I was twiddling the simulation hypothesis, and it raised questions I wanted to explore. The following is entirely for fun and by no means conclusive.
A few days ago, I was thinking of Cantor’s Diagonal Argument (a proof of different sizes of infinity) and connected it to Shannon’s Information Theory (in particular about encoding information and efficient storage), and the Simulation Hypothesis (that our world is a simulation).
The question that came to mind is: What are the limits for simulations?
I find the question interesting having worked on games, trying to create real-time experiences for players, and the scope and challenges we face. There are constraints on building the assets for games, rendering the environment, audio, streaming data since it can’t be in memory all the time, computing the next frame from the previous, etc.
Simulations are bounded by what substrate (what is doing the simulation) is capable of processing. For example, if we are in a simulation, and our substrate is finite, we are necessarily finite.

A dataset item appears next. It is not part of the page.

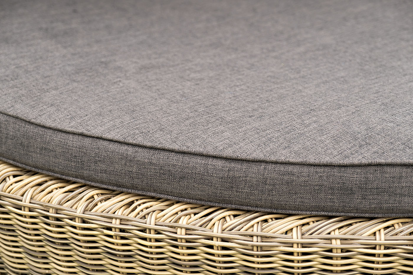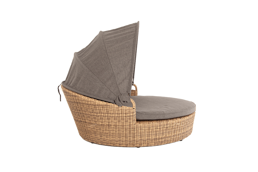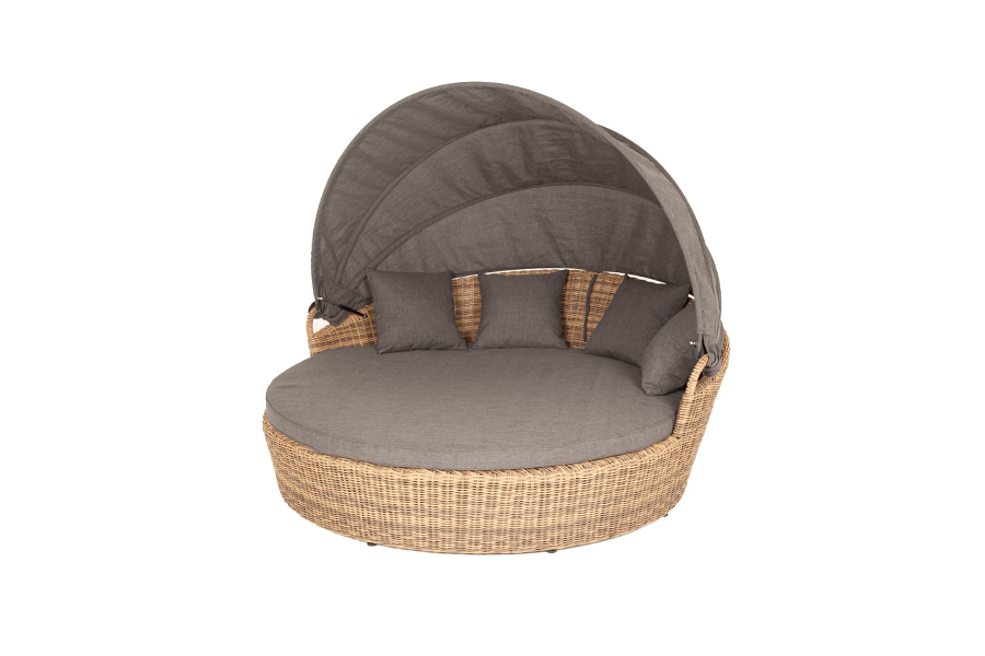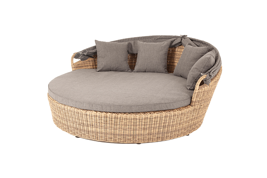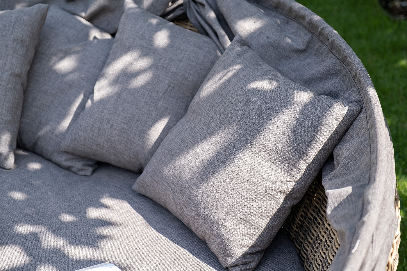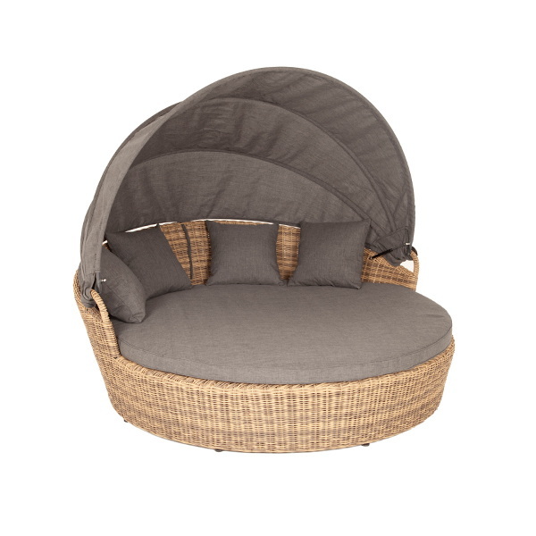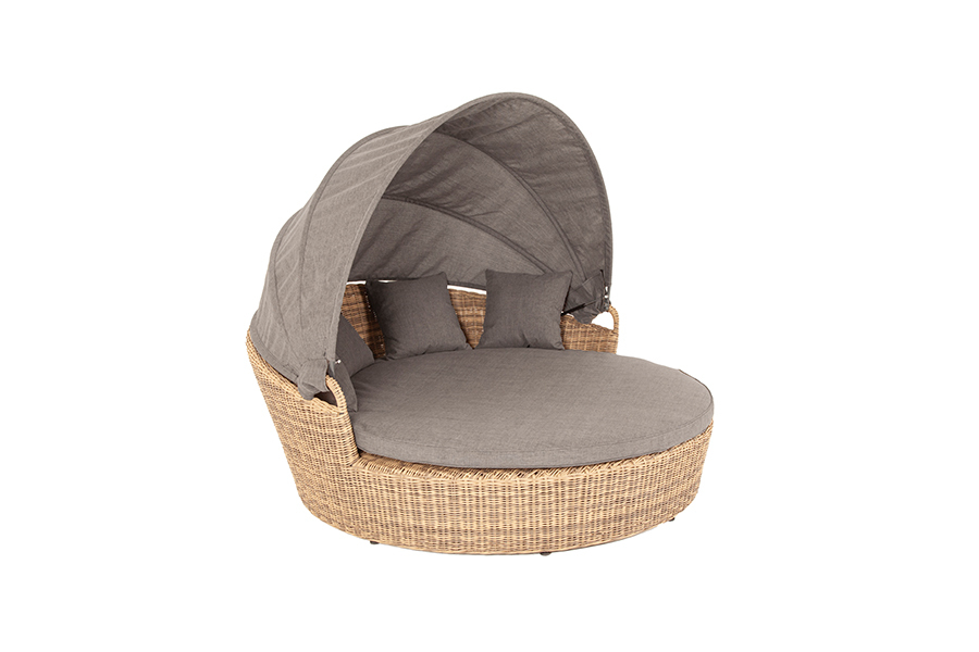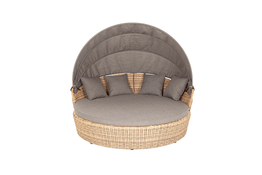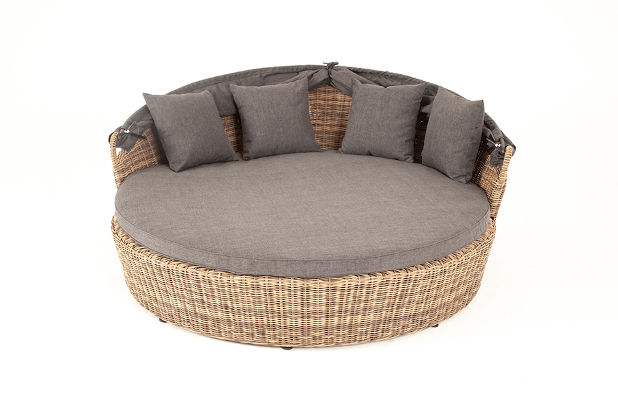 «Стильяно» - кровать из искусственного ротанга круглой формы. Она идеально подойдет для использования на открытом воздухе, в том числе и возле бассейна. Имеет соломенный оттенок. Данная модель имеет в основании прочный алюминиевый каркас, оплетенный вручную круглым ротангом и оснащена регулируемым козырьком, который ограничивает попадание солнечных лучей. Выполнен из водостойкой полиэфирной ткани. Мягкий матрас имеет съёмный чехол серого цвета состоящих из высококачественного полиэстера с водоотталкивающей пропиткой, подлежит машинной стирке. Диаметр кровати составляет 1850 мм, а высота 800 мм. Комплектацией предусмотрен набор из четырех серо-коричневых подушек - 450х450 мм и одного матраса - Ø1600 мм, высотой 60 мм.Бренд | 4SIS |

This is where real numbers come to mind. If space is continuous instead of discrete, then encoding could require infinite storage to store position. If time is continuous, computing change is similarly non-trivial. An alternative is relying on a proxy representation of the simulating substrate itself (in which case that could be reflected in the simulation).

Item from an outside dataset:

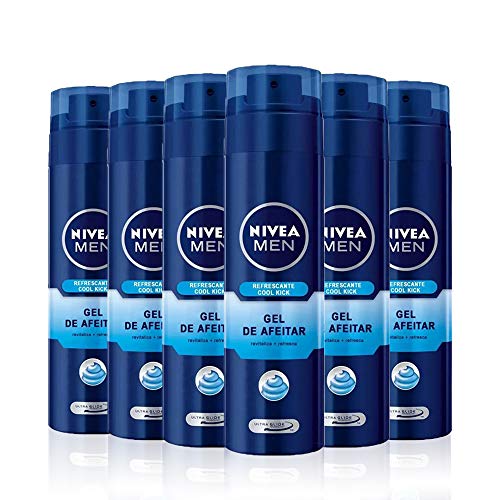 NIVEA MEN Cool Kick Gel de Afeitar Refrescante en pack de 6 (6 x 200 ml), gel facial para un afeitado apurado y cómodo, gel de afeitado con tecnología Ultra Glide

To demonstrate the difference, the first is like computer games, where we represent the world as information stored in the computer. The second is like a projection of a real thing, like a shadow of a tree, where there is a tree, but we only get to observe the shadow as part of the simulation.
A continuum would make a simulation extremely unlikely due to storage and computation issues.
An alternative that came to mind to avoid real numbers is to use algebraic numbers instead (numbers that can be expressed as roots of polynomials). Algebraic numbers only work if all the underlying math of the simulation is algebraic. The algebraic scenario is interesting as any phenomena that involve non-algebraic behaviour may indicate that a simulation isn’t practical.
For example, we have phenomena that act as waves (which, in pure form, cannot be expressed algebraically) and particles. The complexity could be reduced to something algebraic and computable, such as using the Taylor series (https://en.wikipedia.org/wiki/Taylor_series) expansion for sine waves, only computing a finite number of terms.
Forces such as gravity are a more concerning example. As distance increases for forces, the precision required (and corresponding storage requirement) to model them grows. To constrain forces, the simulation would need to be finite in scope.
Even with algebraic computation, the scope of simulating the universe (our galaxy, or even our solar system) is a phenomenal feat. The most practical simulation would be individual thinking beings and manipulating perception, like Descartes’ evil demon.
Besides representation, there is the problem of computation. How is each ‘step’ of the universe computed from the previous? If the substrate is as vast as ours, the computing resources would be even more immense to process efficiently, particularly for interactions at great distances. To remedy the distance problem, if an arbitrary number of dimensions were at your disposal, you could arrange the data within a fixed distance of the origin of as many dimensions as needed. However, it shifts the computation challenge to navigating the volume.
Those were my musings. Some of these challenges might have interesting solutions, but that’s a project for another day.